▶ [What to produce] Reproduce the whole listing that follows, character for character, and drop the images.

▶ [Data below]

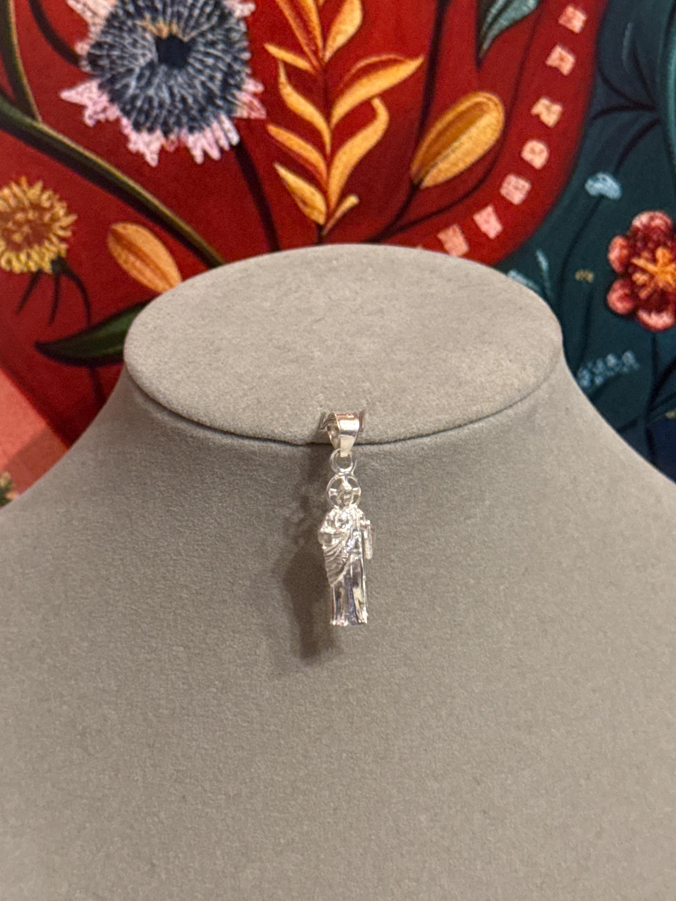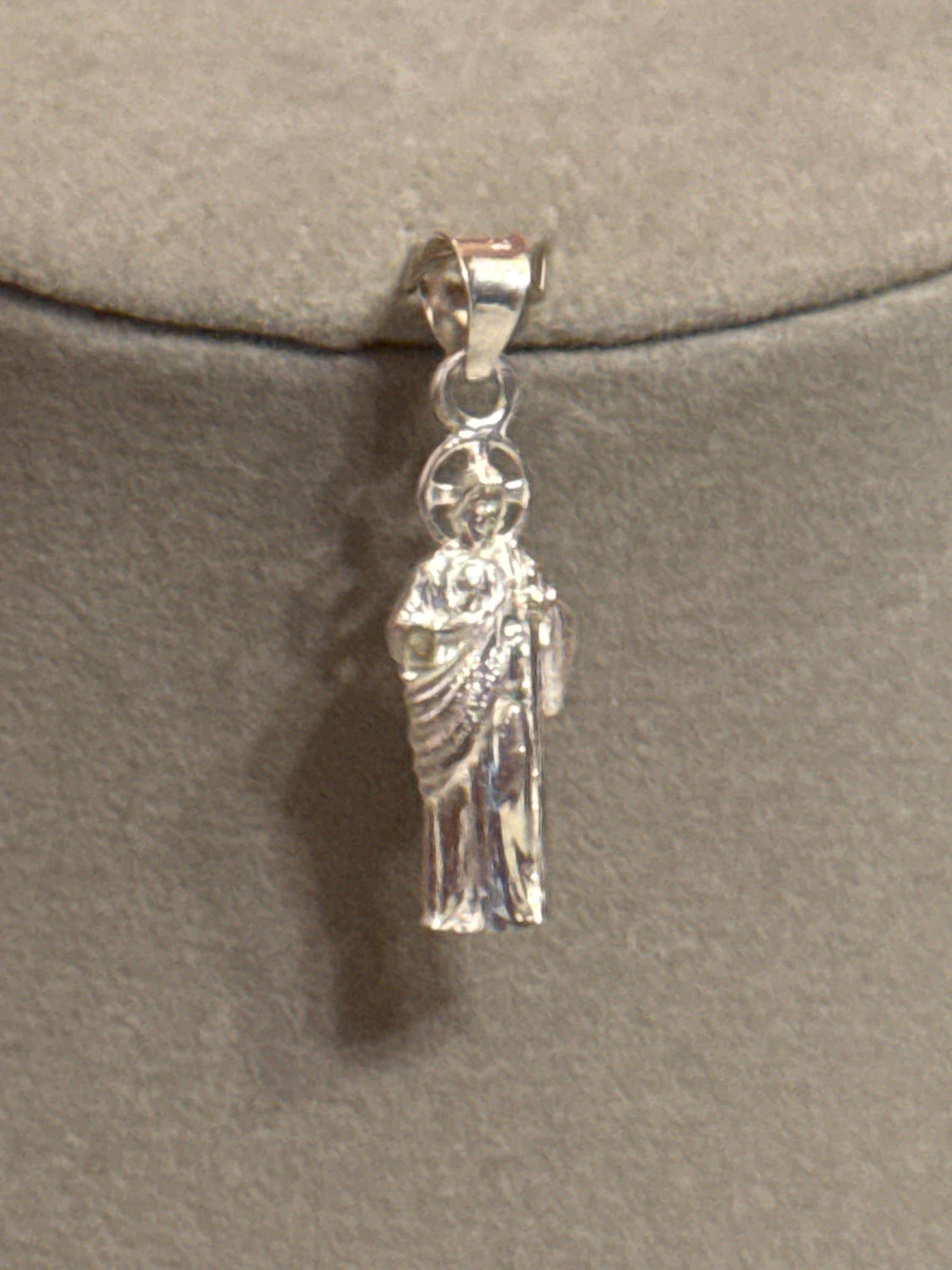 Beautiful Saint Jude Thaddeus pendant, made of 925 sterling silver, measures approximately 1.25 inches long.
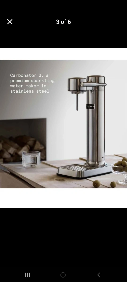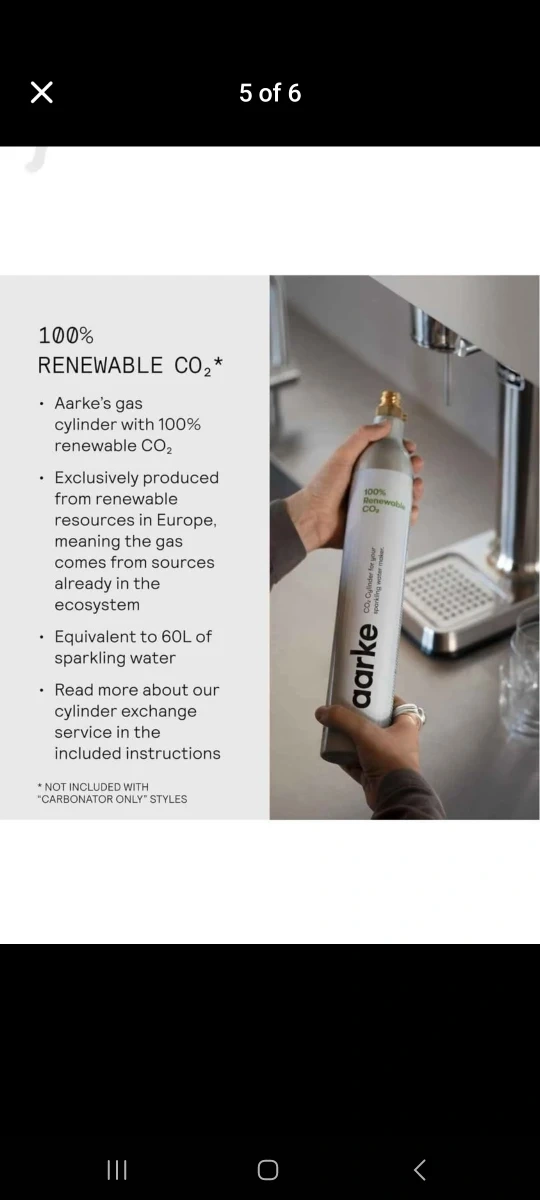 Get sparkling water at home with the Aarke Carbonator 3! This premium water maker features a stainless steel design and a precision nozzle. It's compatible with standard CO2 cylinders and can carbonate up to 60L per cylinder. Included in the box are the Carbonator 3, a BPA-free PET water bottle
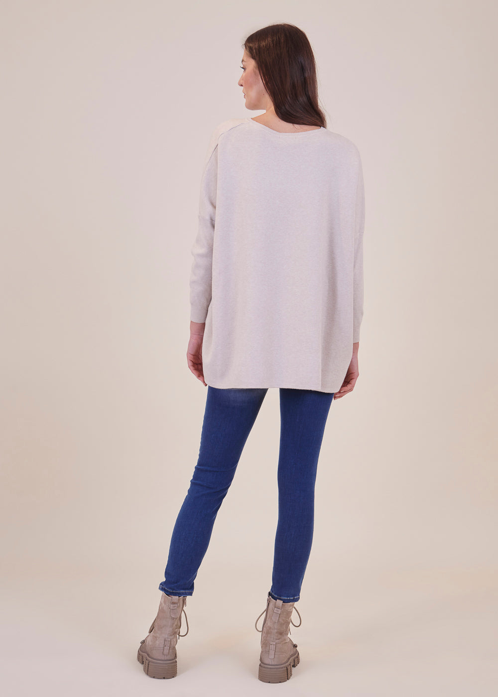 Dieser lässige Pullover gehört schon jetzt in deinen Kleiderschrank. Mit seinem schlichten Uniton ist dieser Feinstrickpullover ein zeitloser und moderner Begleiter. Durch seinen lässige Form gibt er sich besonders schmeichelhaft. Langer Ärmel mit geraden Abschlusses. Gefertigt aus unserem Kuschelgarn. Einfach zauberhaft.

▶ [Exercise output]
 Beautiful Saint Jude Thaddeus pendant, made of 925 sterling silver, measures approximately 1.25 inches long.
 Get sparkling water at home with the Aarke Carbonator 3! This premium water maker features a stainless steel design and a precision nozzle. It's compatible with standard CO2 cylinders and can carbonate up to 60L per cylinder. Included in the box are the Carbonator 3, a BPA-free PET water bottle
 Dieser lässige Pullover gehört schon jetzt in deinen Kleiderschrank. Mit seinem schlichten Uniton ist dieser Feinstrickpullover ein zeitloser und moderner Begleiter. Durch seinen lässige Form gibt er sich besonders schmeichelhaft. Langer Ärmel mit geraden Abschlusses. Gefertigt aus unserem Kuschelgarn. Einfach zauberhaft.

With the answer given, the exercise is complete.